The records that follow are to be copied word for word. Pictures should be omitted.
+++++
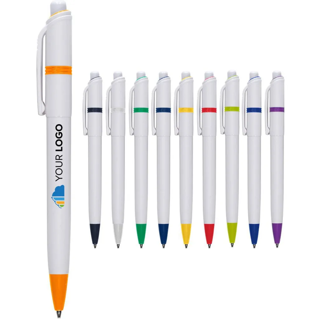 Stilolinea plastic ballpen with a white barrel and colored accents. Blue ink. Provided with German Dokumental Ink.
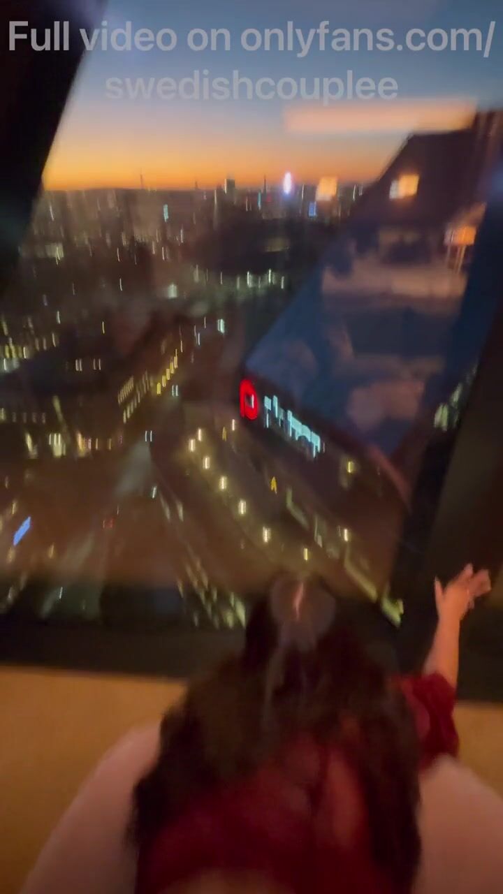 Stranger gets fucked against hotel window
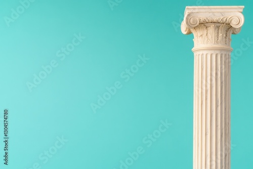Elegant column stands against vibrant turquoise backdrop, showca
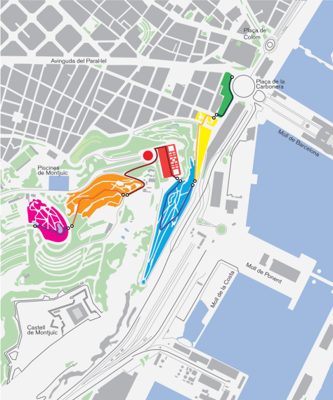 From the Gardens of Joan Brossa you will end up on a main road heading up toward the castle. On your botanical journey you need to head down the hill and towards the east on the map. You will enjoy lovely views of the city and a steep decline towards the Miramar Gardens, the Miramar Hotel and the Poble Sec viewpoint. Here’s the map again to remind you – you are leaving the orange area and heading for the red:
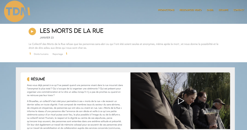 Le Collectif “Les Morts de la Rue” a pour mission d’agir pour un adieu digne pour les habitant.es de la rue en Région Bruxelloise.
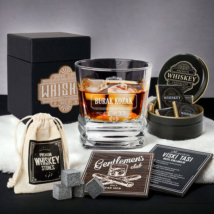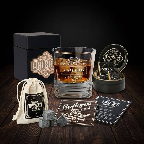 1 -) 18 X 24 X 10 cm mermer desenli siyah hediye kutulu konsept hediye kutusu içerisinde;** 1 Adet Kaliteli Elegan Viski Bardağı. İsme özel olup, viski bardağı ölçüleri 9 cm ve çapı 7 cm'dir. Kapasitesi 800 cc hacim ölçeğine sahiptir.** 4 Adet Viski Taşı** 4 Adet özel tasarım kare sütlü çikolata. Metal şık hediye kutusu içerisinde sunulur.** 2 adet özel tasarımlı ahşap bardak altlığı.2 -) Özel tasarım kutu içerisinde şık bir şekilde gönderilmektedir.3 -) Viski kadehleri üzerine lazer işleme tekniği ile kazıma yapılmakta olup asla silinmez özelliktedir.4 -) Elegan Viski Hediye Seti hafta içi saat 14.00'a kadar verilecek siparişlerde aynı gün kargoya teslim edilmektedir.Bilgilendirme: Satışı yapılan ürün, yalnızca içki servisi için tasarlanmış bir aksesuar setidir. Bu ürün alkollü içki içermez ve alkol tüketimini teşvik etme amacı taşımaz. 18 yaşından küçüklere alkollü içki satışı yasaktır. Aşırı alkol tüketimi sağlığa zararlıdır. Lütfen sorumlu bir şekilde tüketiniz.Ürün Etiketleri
+++++
- EXERCISE ANSWER
 Stilolinea plastic ballpen with a white barrel and colored accents. Blue ink. Provided with German Dokumental Ink.
 Stranger gets fucked against hotel window
Elegant column stands against vibrant turquoise backdrop, showca
 From the Gardens of Joan Brossa you will end up on a main road heading up toward the castle. On your botanical journey you need to head down the hill and towards the east on the map. You will enjoy lovely views of the city and a steep decline towards the Miramar Gardens, the Miramar Hotel and the Poble Sec viewpoint. Here’s the map again to remind you – you are leaving the orange area and heading for the red:
 Le Collectif “Les Morts de la Rue” a pour mission d’agir pour un adieu digne pour les habitant.es de la rue en Région Bruxelloise.
 1 -) 18 X 24 X 10 cm mermer desenli siyah hediye kutulu konsept hediye kutusu içerisinde;** 1 Adet Kaliteli Elegan Viski Bardağı. İsme özel olup, viski bardağı ölçüleri 9 cm ve çapı 7 cm'dir. Kapasitesi 800 cc hacim ölçeğine sahiptir.** 4 Adet Viski Taşı** 4 Adet özel tasarım kare sütlü çikolata. Metal şık hediye kutusu içerisinde sunulur.** 2 adet özel tasarımlı ahşap bardak altlığı.2 -) Özel tasarım kutu içerisinde şık bir şekilde gönderilmektedir.3 -) Viski kadehleri üzerine lazer işleme tekniği ile kazıma yapılmakta olup asla silinmez özelliktedir.4 -) Elegan Viski Hediye Seti hafta içi saat 14.00'a kadar verilecek siparişlerde aynı gün kargoya teslim edilmektedir.Bilgilendirme: Satışı yapılan ürün, yalnızca içki servisi için tasarlanmış bir aksesuar setidir. Bu ürün alkollü içki içermez ve alkol tüketimini teşvik etme amacı taşımaz. 18 yaşından küçüklere alkollü içki satışı yasaktır. Aşırı alkol tüketimi sağlığa zararlıdır. Lütfen sorumlu bir şekilde tüketiniz.Ürün Etiketleri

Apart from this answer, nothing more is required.